Indeed, he often builds his tricolons out of the balanced doubles known in formal rhetoric as syntheton (“men and women”, “colour and creed”, “young and old”, and so forth) that fill his sentences. Last July, in a speech before 100,000 people at the Victory Column in Berlin – walking pointedly in the footsteps of JFK – he said: “As we speak, cars in Boston and factories in Beijing are melting the ice-caps in the Arctic, shrinking coastlines in the Atlantic, and bringing drought to farms from Kansas to Kenya.”
A double (“Boston” and “Beijing”), leading to a tricolon whose third term is itself doubled up, the whole mixture thick with alliteration. This is very far from informal or direct or off-the-cuff speech. It is marvellously and intentionally musical.
Think of the steady, obdurate thump of stresses in Churchill’s wartime invocation of “blood, toil, tears and sweat”; or the perfect musical rightness of the opening line of the main part of the US Declaration of Independence. “We hold these truths to be self-evident” is a perfectly cadenced iambic pentameter.
Obama’s winning slogan, “Yes we can,” draws much of its strength from its three stressed syllables. It is a metrical object called a molossus – thump, thump, thump; as in Tennyson’s “Break, break, break” or Seamus Heaney’s “squat pen rests”. You could, arguably, scan it as an anapaest (diddy dum) but our boy certainly doesn’t. The official transcript of his speech at the New Hampshire primary punctuates it thus: “Yes. We. Can.”
Repetition, particularly in the form of anaphora – where a phrase is repeated at the beginning of successive lines – is another of the prime tools of political oratory and one that Obama revels in. His speech at the Iowa caucus on January 3 2008 opened: “You know, they said this time would never come. They said our sights were set too high. They said this country was too divided, too disillusioned to ever come together around a common purpose.”
He went on to declare: “I’ll be a president who finally makes healthcare affordable ... I’ll be a president who ends the tax breaks ... I’ll be a president who harnesses the ingenuity ... I’ll be a president who ends this war in Iraq ... ” Then: “This was the moment when ... this was the moment when ... this was the moment when ... ” And, as his speech built to its climax, “Hope is what I saw ... Hope is what I heard ... Hope is what led a band of colonists to rise up against an empire.”
To an American literate in his own country’s history, Obama’s rolling repetitions will bring consciously or unconsciously to mind the Declaration of Independence. The run of charges against King George in that document rolls out in an unstoppable anaphoric fugue. “He has refused ... He has forbidden ... He has refused ... He has called together ... He has dissolved ... He has refused ... ”
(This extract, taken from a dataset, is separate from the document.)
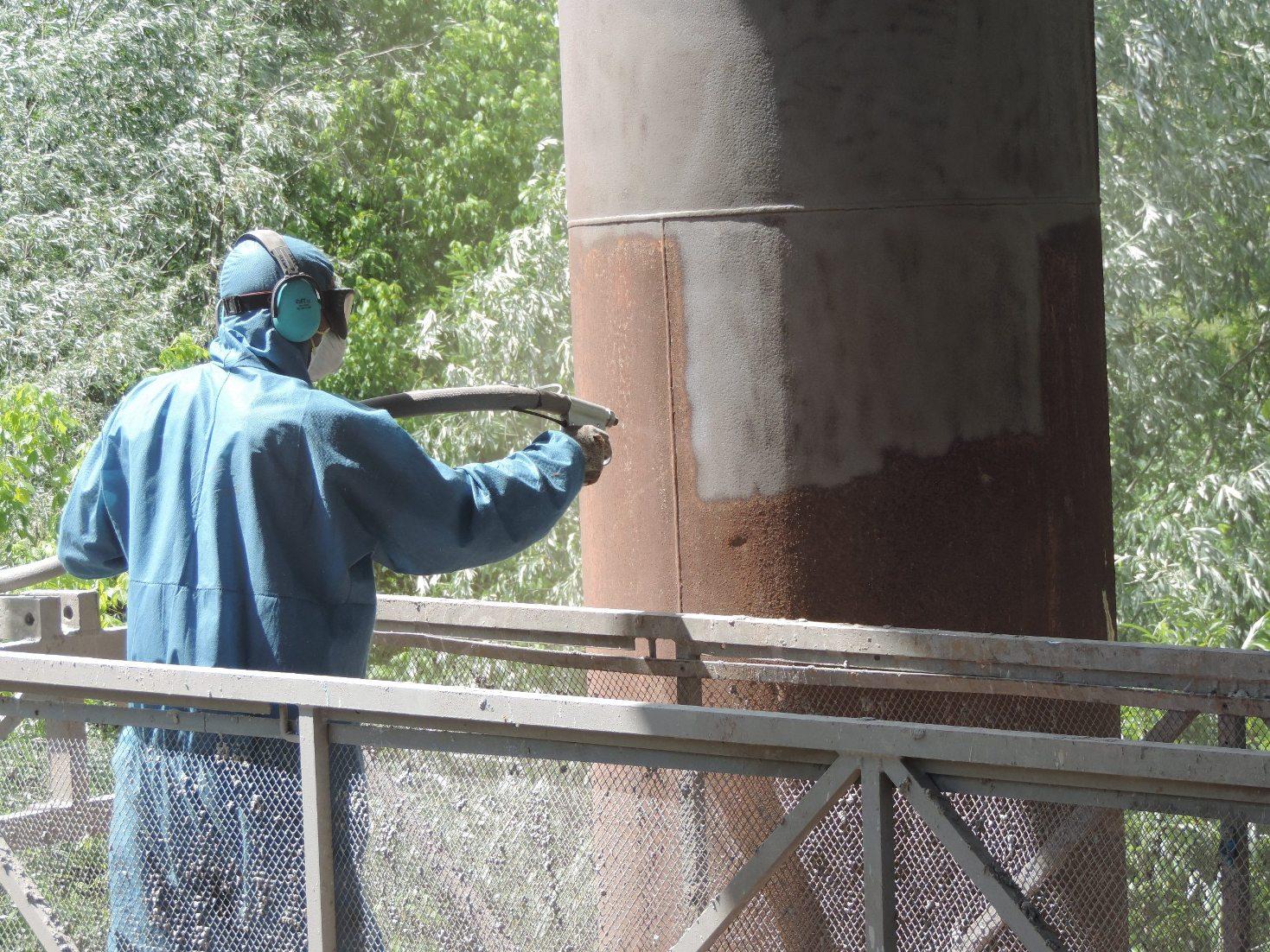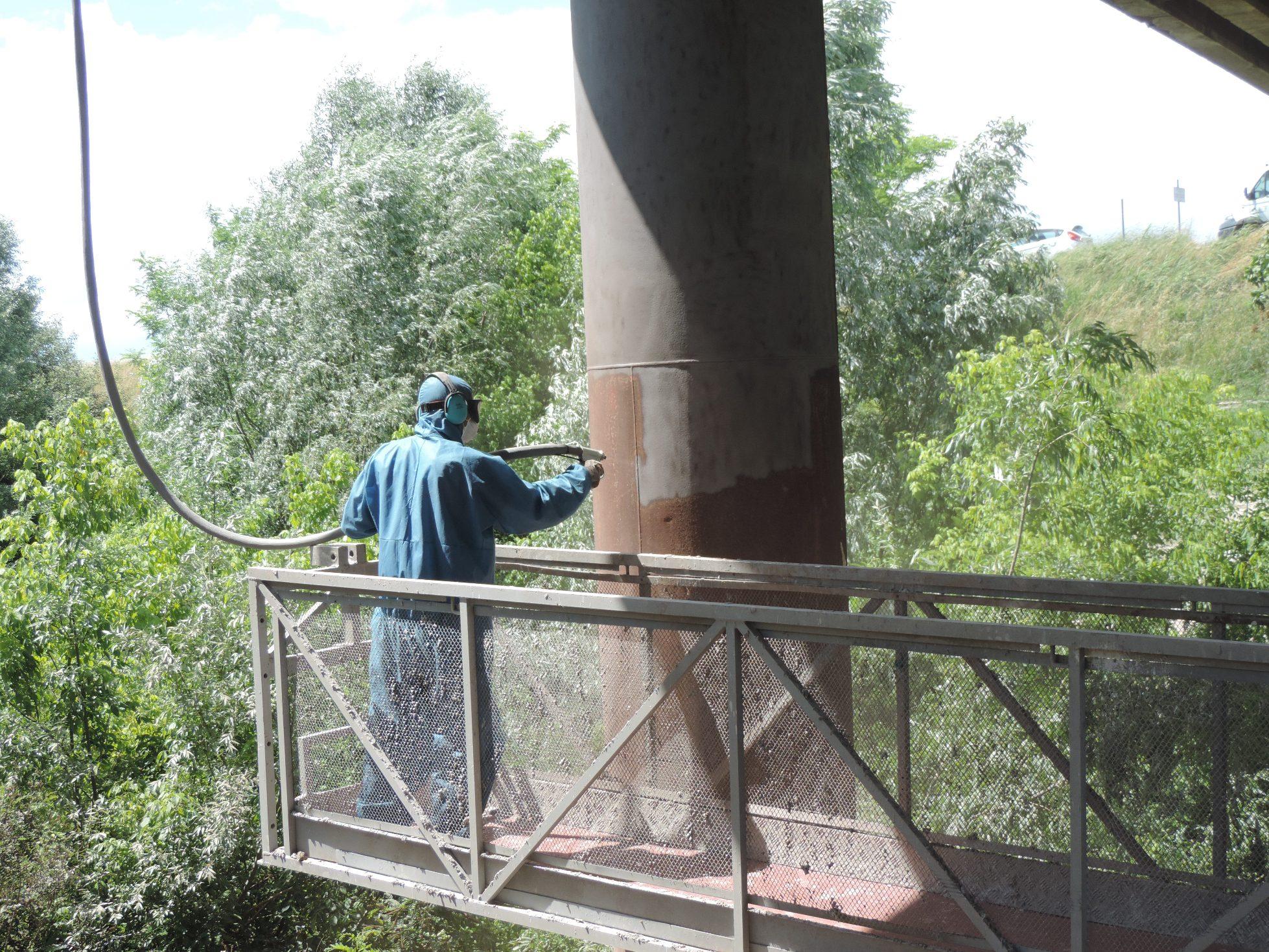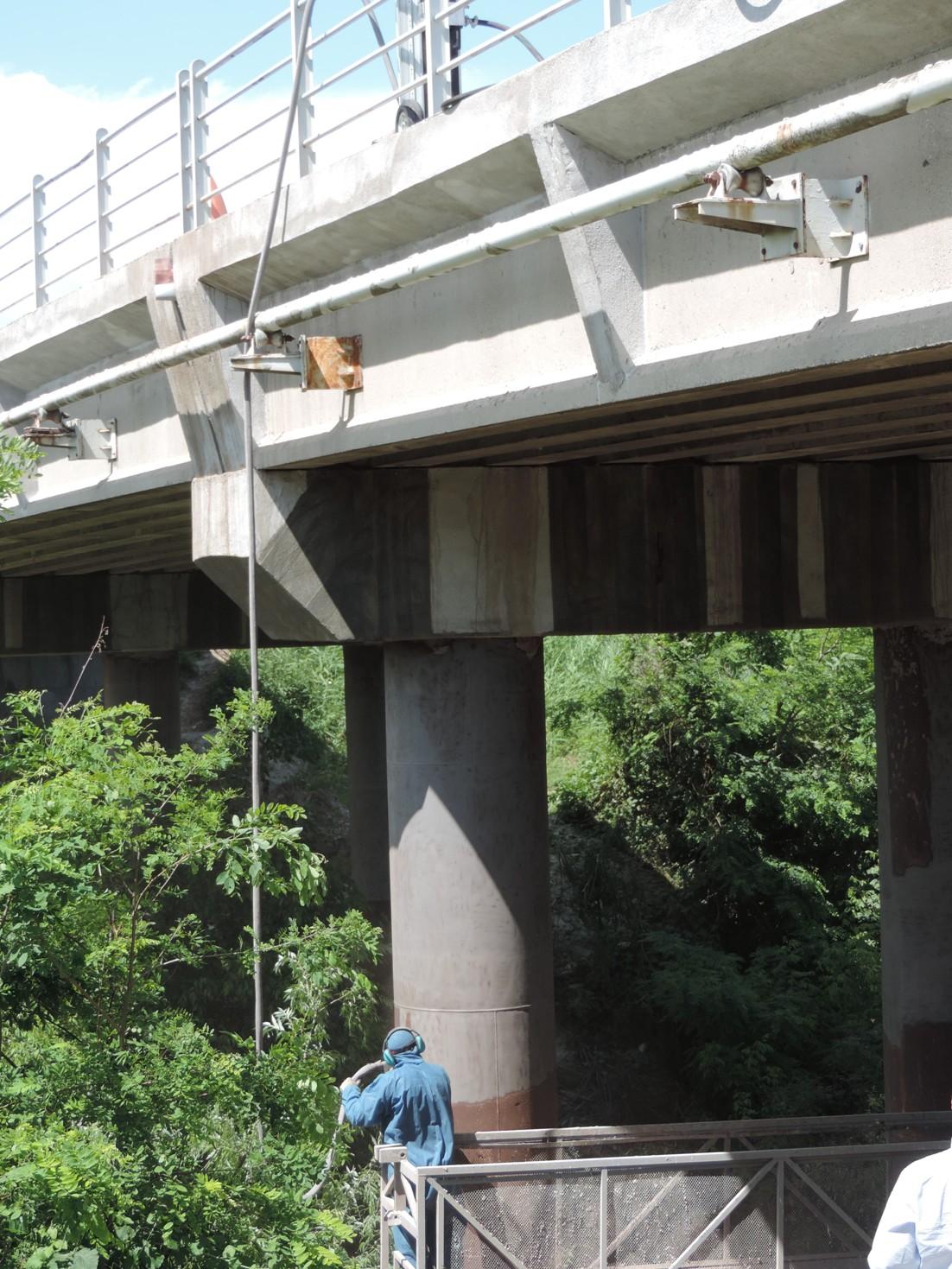 La manutenzione del ponte prevedeva una serie di operazioni e il trattamento di differenti superfici. In alcune aree la struttura in calcestruzzo appariva deteriorata lasciando scoperti i ferri di armatura che si erano completamente arrugginiti. Occorreva pertanto asportare i residui di calcestruzzo dalle parti danneggiate, ripulire i ferri fino al metallo bianco, ripristinare il calcestruzzo e stendere un protettivo.

Obama sets out to position himself, and his rhetoric positions him, as the inheritor of the oratorical and political traditions of Abraham Lincoln, Martin Luther King, and Jesus Christ. That last sounds facetious, perhaps, but it isn’t entirely intended to be. On two of the occasions – at the declaration of his candidacy in Springfield, Illinois, and on the night of the New Hampshire primary – he refers to Dr King, he puts him in an expressly Biblical passage: “A King who took us to the mountaintop and pointed the way to the Promised Land”; “We heard a King’s call to let justice roll down like water, and righteousness like a mighty stream.”
There is a strong sense of Obama locating himself in history – not so much of the past couple of decades but millennial. One of his early campaign catchphrases was, “There is something happening in America.” He’d talk about “unyielding faith”, “impossible odds”, “the voices of millions”. He’d urge crowds to recognise that “this was the moment” – that past tense giving the curious sense of already looking back on the moment, of being in and out of time; as well as burnishing the sense that the decision has already been taken. If you share Obama’s faith, as many Americans do, that’s by no means a paradox.
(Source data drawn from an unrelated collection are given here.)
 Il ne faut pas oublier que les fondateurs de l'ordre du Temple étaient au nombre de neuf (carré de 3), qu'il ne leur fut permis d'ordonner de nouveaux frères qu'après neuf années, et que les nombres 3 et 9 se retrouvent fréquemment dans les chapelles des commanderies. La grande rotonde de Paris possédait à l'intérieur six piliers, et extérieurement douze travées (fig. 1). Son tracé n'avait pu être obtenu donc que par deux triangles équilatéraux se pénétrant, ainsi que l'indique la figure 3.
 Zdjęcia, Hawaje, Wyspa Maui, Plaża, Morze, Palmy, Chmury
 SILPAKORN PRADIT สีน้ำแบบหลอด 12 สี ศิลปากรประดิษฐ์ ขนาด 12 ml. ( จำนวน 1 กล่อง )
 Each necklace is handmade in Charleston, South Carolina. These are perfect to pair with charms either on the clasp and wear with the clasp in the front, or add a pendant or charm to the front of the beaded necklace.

Obama borrows one of Lincoln’s most effective rhetorical tricks too – the sudden drop in register to plain style. The folksiness of Obama’s injunction, delivered on the night of the New Hampshire primary, “to disagree without being disagreeable” is straight from the Lincoln who talked about “cheerfully” giving protection to the states in his first inaugural. Obama described in The Audacity of Hope watching in person the way that, at the podium, George Bush’s “easy affability was replaced by an almost messianic certainty”. Obama, you could say, strives for a sort of messianic affability.